As such, gold's decline may have applied the brakes to bitcoin’s rally from lows near $9,000.
Gold (above right) rallied from $1,800 to $2,075 in the three weeks to Aug. 7.
Over the same period, bitcoin rose from $9,100 to a peak of $12,118.
As a result, the one-month correlation between the two assets has strengthened to a record high of 68.9%, as noted by data source Skew.
While the growing correlation validates the"store of value" narrative surrounding bitcoin, it also makes the cryptocurrency vulnerable to sell-offs in gold.
“Gold is feeling the pull of gravity with U.S. Treasury yields showing signs of life," Singapore-based QCP Capital said in its Telegram channel.
QCP noted that investors should keep a close eye on developments in bond yields and gold because they may have a bearing on bitcoin and ether prices.
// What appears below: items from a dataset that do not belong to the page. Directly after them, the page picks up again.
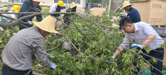 工作人員正在修樹葉
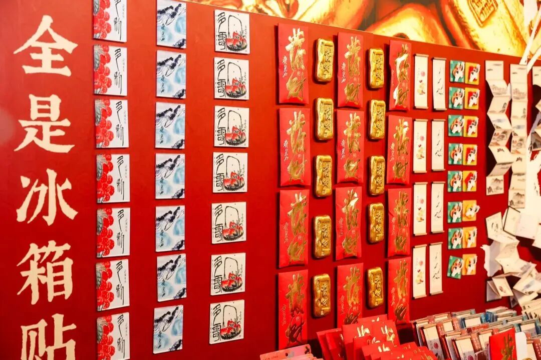 发财金条冰箱贴、手工印染大对联、福字套装、“钟馗纳福”对联冰箱贴、齐白石可爱杯盲盒等产品应有尽有,带上几件回家,为年味添点艺术气息。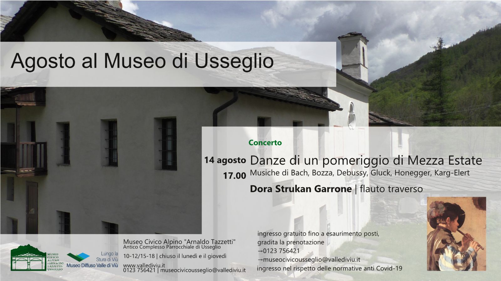 Ingresso gratuito fino a esaurimento posti disponibili, è gradita la prenotazione al 0123 756421 o via e-mail a museocivicousseglio@vallediviu.it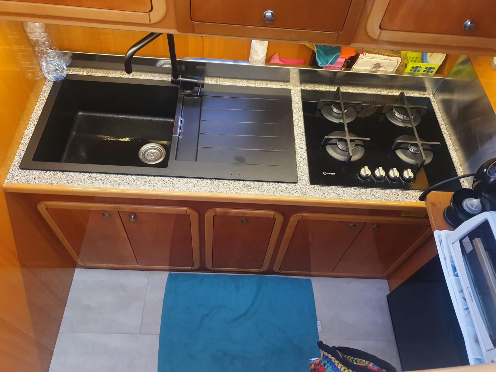 Galley, Burner (4 fuochi), 2 Refrigerator (130 l in cucina + 75 nel salone), Electric hot plate.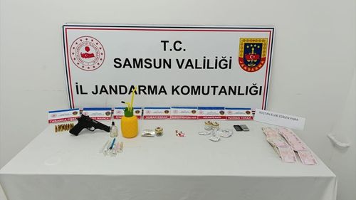 Samsun'da düzenlenen uyuşturucu operasyonunda 3 kişi gözaltına alındı, çok sayıda uyuşturucu madde ve silah ele geçirildi.
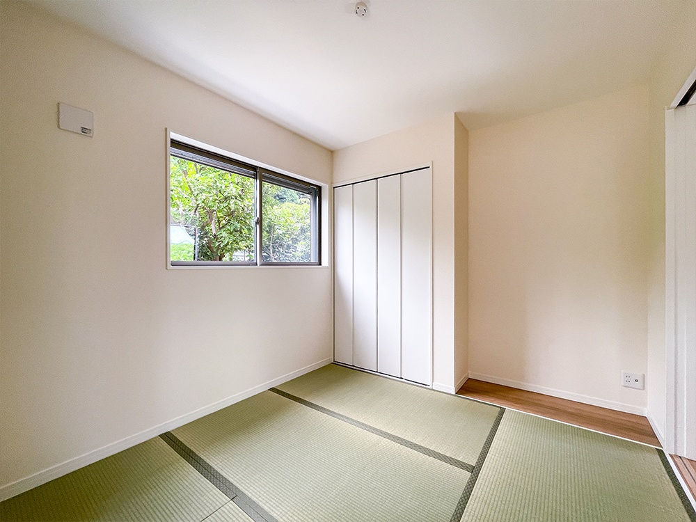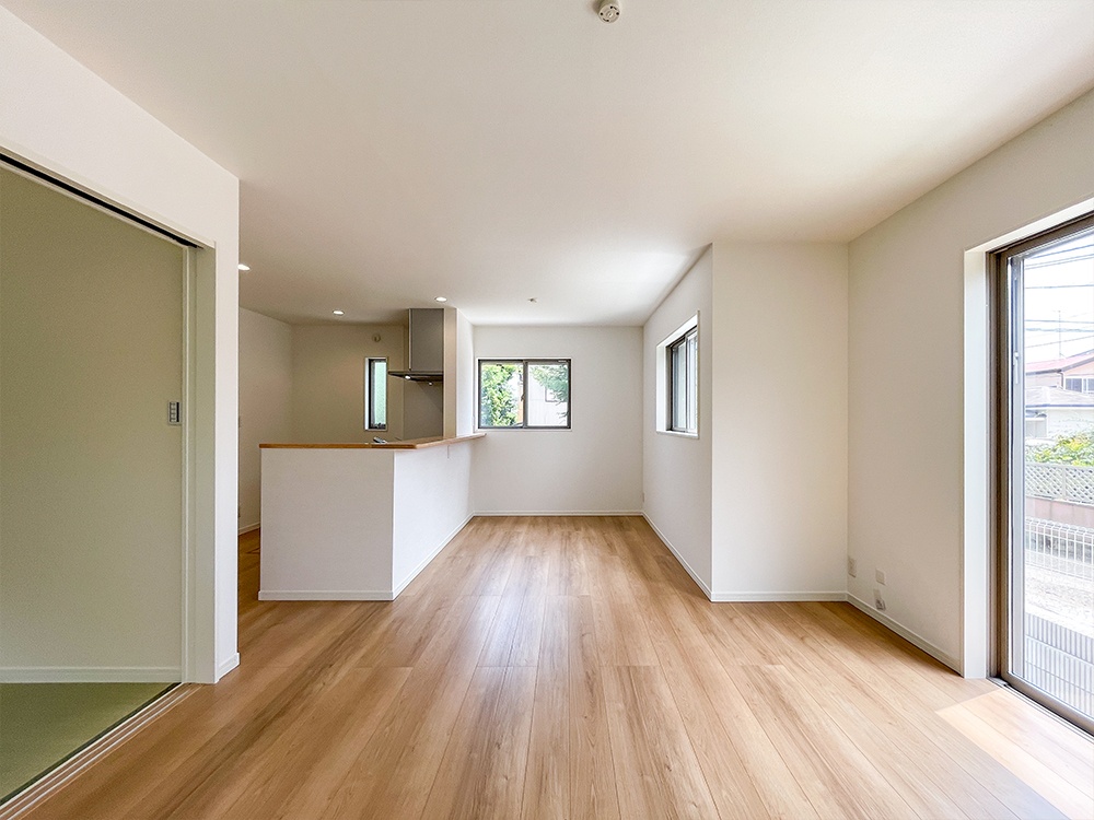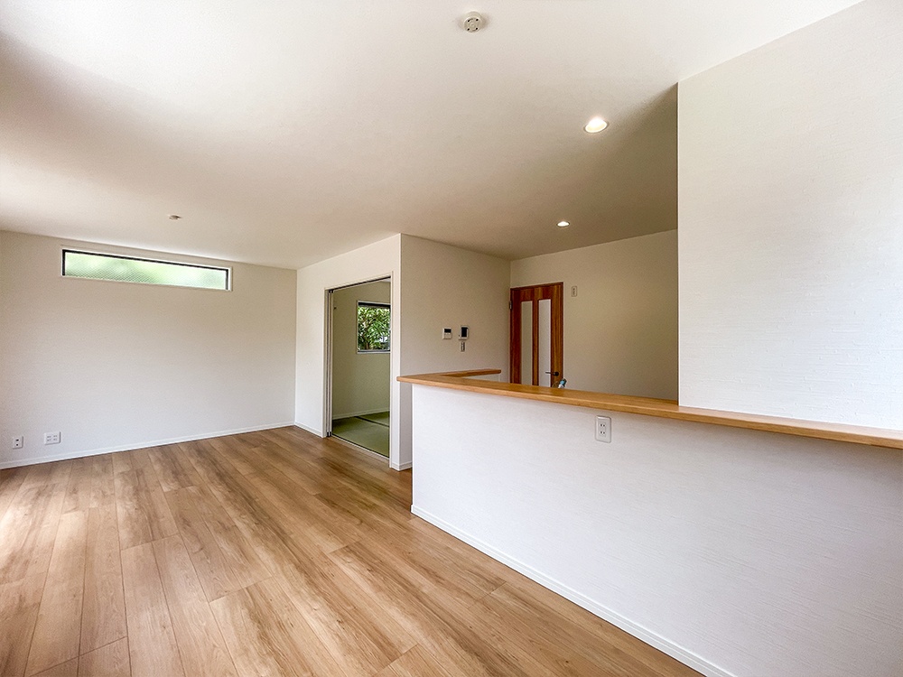 リビング横の和室には、あると便利な板畳を設けた和みの住空間。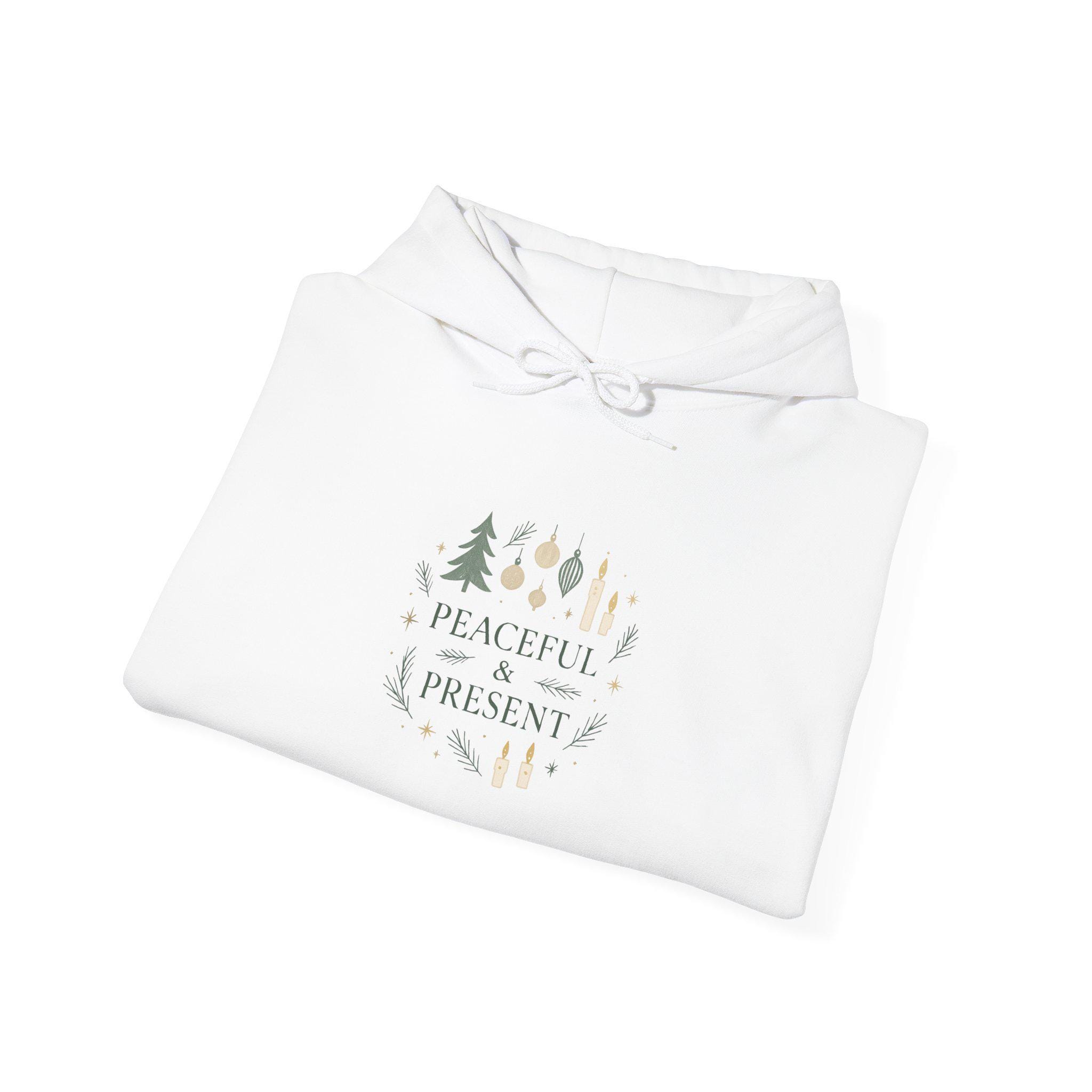 A soft, cozy hoodie that carries a quiet holiday feeling. The front features a gentle, nature-inspired design with tiny trees and ornaments surrounding the words “Peaceful & Present,” printed in muted, earthy tones. Wear it layered over a tee or under a coat for calm, easy warmth during slow winter mornings, tree-trimming evenings, or relaxed visits with family. The roomy kangaroo pocket and double-lined hood add comfort and a lived-in feel — the kind you reach for when you want to pause and breathe. It’s made to feel familiar from the first wear and to tuck you into small, peaceful rituals of the season.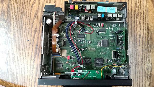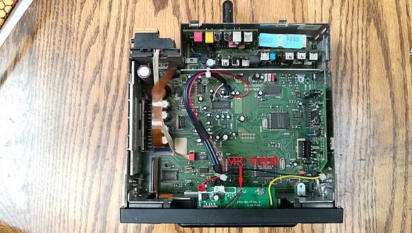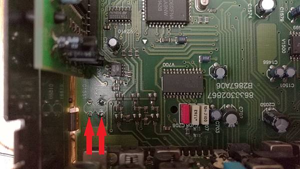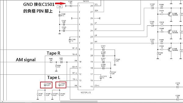 由上面的圖可以看出來Tape 的訊號是經過電容C1560 & C1561 之後才送到TDA7318 的PIN 9 & PIN 13, 之前許多車有的改裝都是要把IC 的腳翹起來, 再把訊號線接上, 但是我覺得翹腳這個動作失敗的機率太高, 所以我的做法是把C1560 & C1561 這兩個電容拔掉, 之後訊號就可以直接焊在PIN 9 & PIN 13 上面這樣比較不容易失敗, 下面就是這兩個電容的位置, 我已經把它拔掉了, 在靠近機器後面右邊的位置: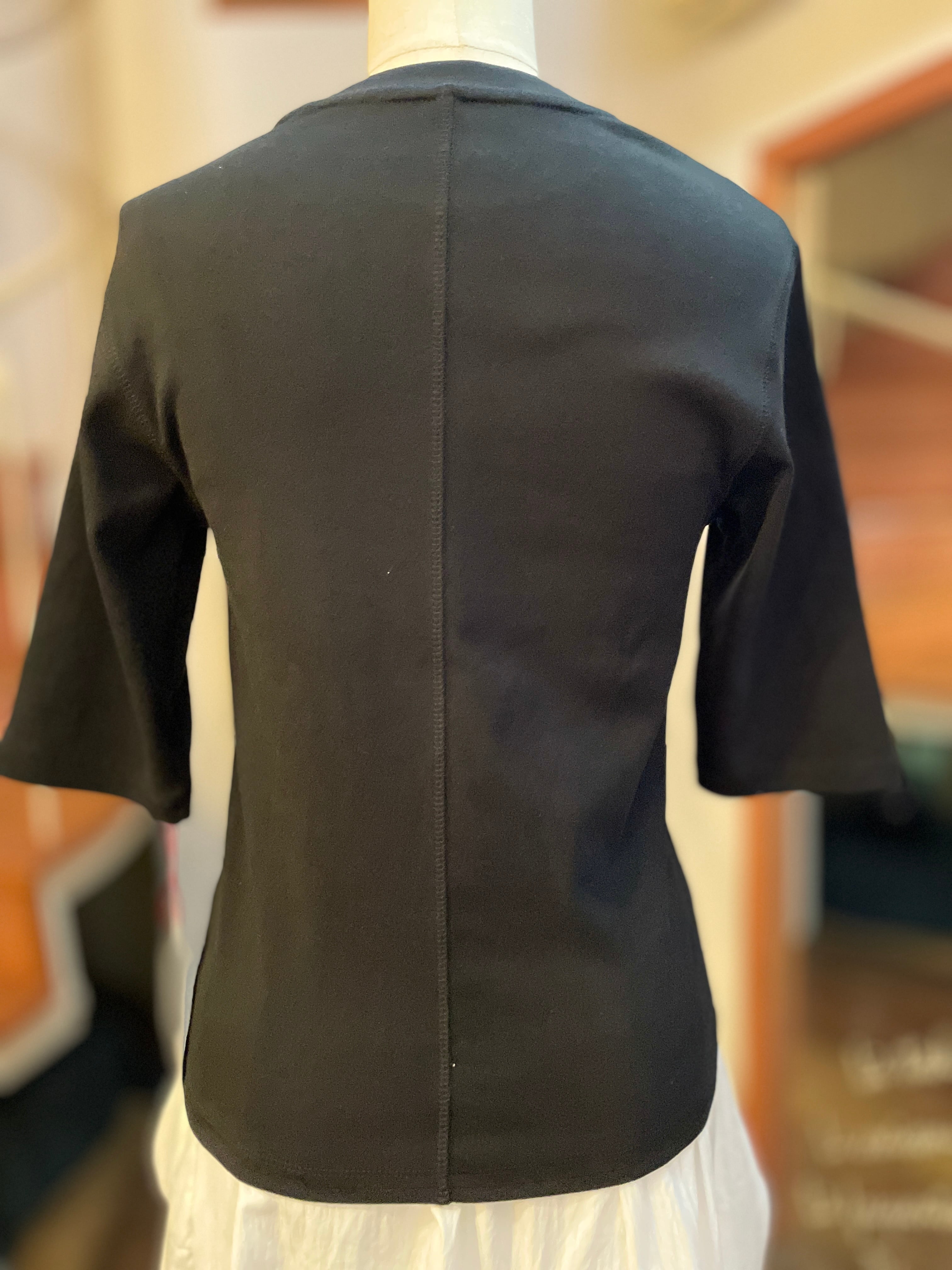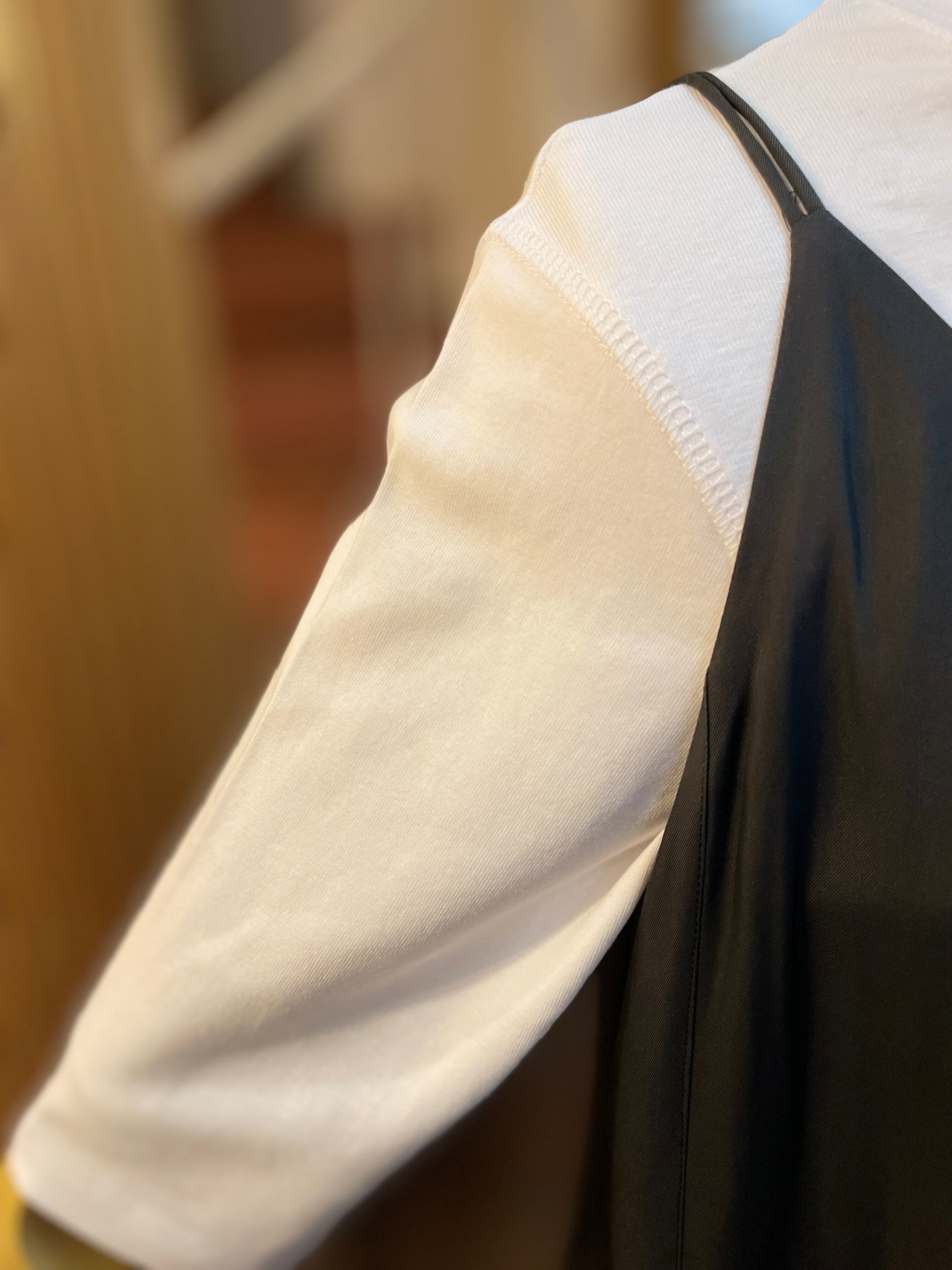 肘までカバーしてくれる五分袖、二本針のステッチも何気ないポイント◎

The U.S. 10-year bond yield is hovering near 0.6% at press time, representing a 10 basis point gain from the recent low of 0.5%.
Gold, which does not provide a yield, may suffer deeper pullbacks and potentially push bitcoin lower if bond yields continue to rise.
Joel Kruger, a currency strategist at LMAX Digital, believes a potential sell-off in stock markets is a bigger risk to bitcoin's upward trajectory than pullbacks in gold.
"A turnaround in stocks could threaten bitcoin, given risk for extended stocks to reverse and the potential to see what we saw back in March," Kruger told CoinDesk in a Twitter conversation.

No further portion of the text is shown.